The Jewish Anti-Fascist Committee (JAC, Russian: Еврейский антифашистский комитет Yevreysky antifashistsky komitet, ЕАК) was organized by the Jewish Bund (labor union) leaders Henryk Erlich and Victor Alter, upon an initiative of Soviet authorities, in fall 1941; both were released from prison in connection with their participation. Following their re-arrest, in December 1941, the Committee was reformed on Joseph Stalin's order in Kuibyshev in April 1942 with the official support of the Soviet authorities. It was designed to influence international public opinion and organize political and material support for the Soviet fight against Nazi Germany, particularly from the West. In 1952, as part of the persecution of Jews in the last year part of Stalin's rule (for example, the "Doctors' plot"), most prominent members of the JAC were arrested on trumped-up spying charges, tortured, and executed by firing squad after a secret mock trial. Stalin and elements of the KGB were worried about their influence and connections with the West. They were officially rehabilitated in 1988.
Solomon Mikhoels, the popular actor and director of the Moscow State Jewish Theater, was appointed the JAC chairman. The JAC's newspaper in Yiddish language was called Einigkeit (אייניקייט "Unity", Cyrillic: Эйникейт).

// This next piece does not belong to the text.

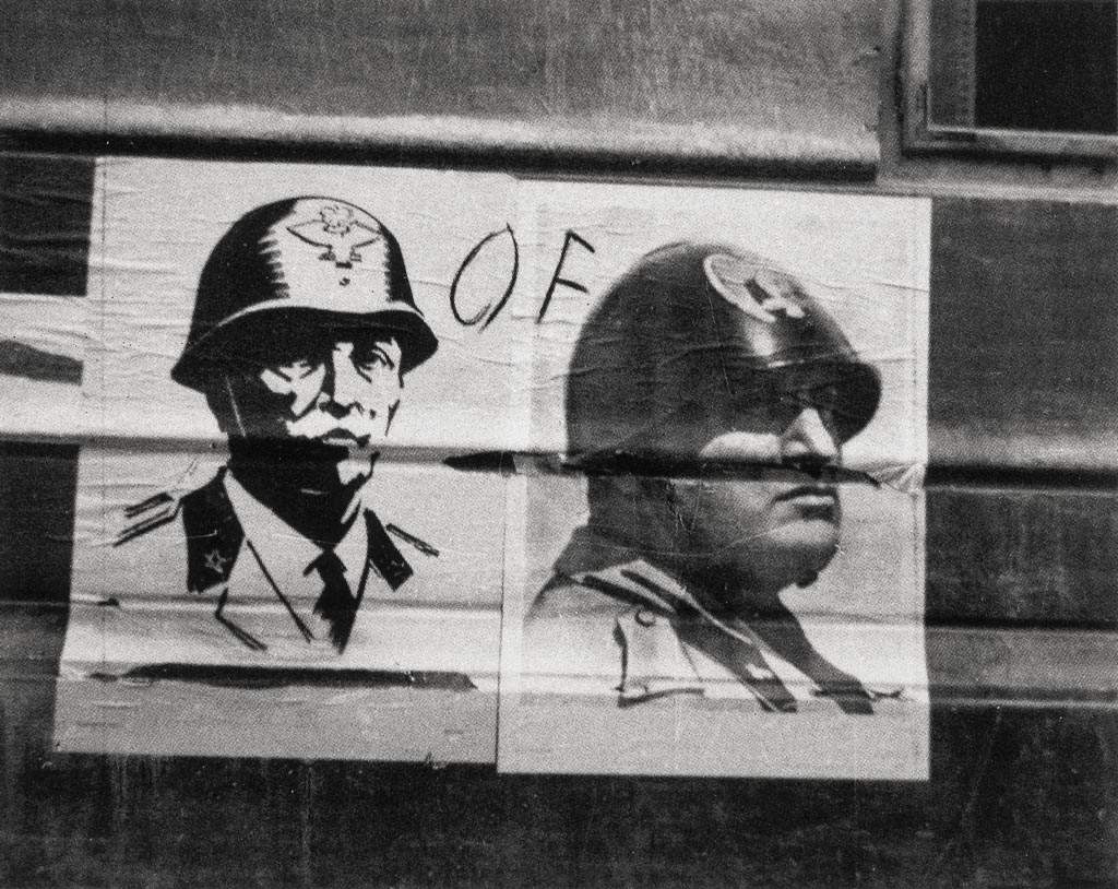 Znak OF na italijanskem plakatu, Ljubljana, oktober 1941, foto Miran Pavlin.

The JAC broadcast pro-Soviet propaganda to foreign audiences, assuring them of the absence of anti-Semitism in the USSR. In 1943, Mikhoels and Itzik Feffer, the first official representatives of the Soviet Jewry allowed to visit the West, embarked on a seven-month tour to the United States, Mexico, Canada and Britain to increase their support for the Lend-lease. In the US, they were welcomed by a National Reception Committee chaired by Albert Einstein and by B.Z. Goldberg, Sholem Aleichem's son-in-law, and American Jewish Joint Distribution Committee. The largest pro-Soviet rally ever in the United States was held on July 8 at the Polo Grounds, where 50,000 people listened to Mikhoels, Fefer, Fiorello La Guardia, Sholem Asch, and Chairman of World Jewish Congress Rabbi Stephen Wise. Among others, they met Chaim Weizmann, Charlie Chaplin, Marc Chagall, Paul Robeson and Lion Feuchtwanger.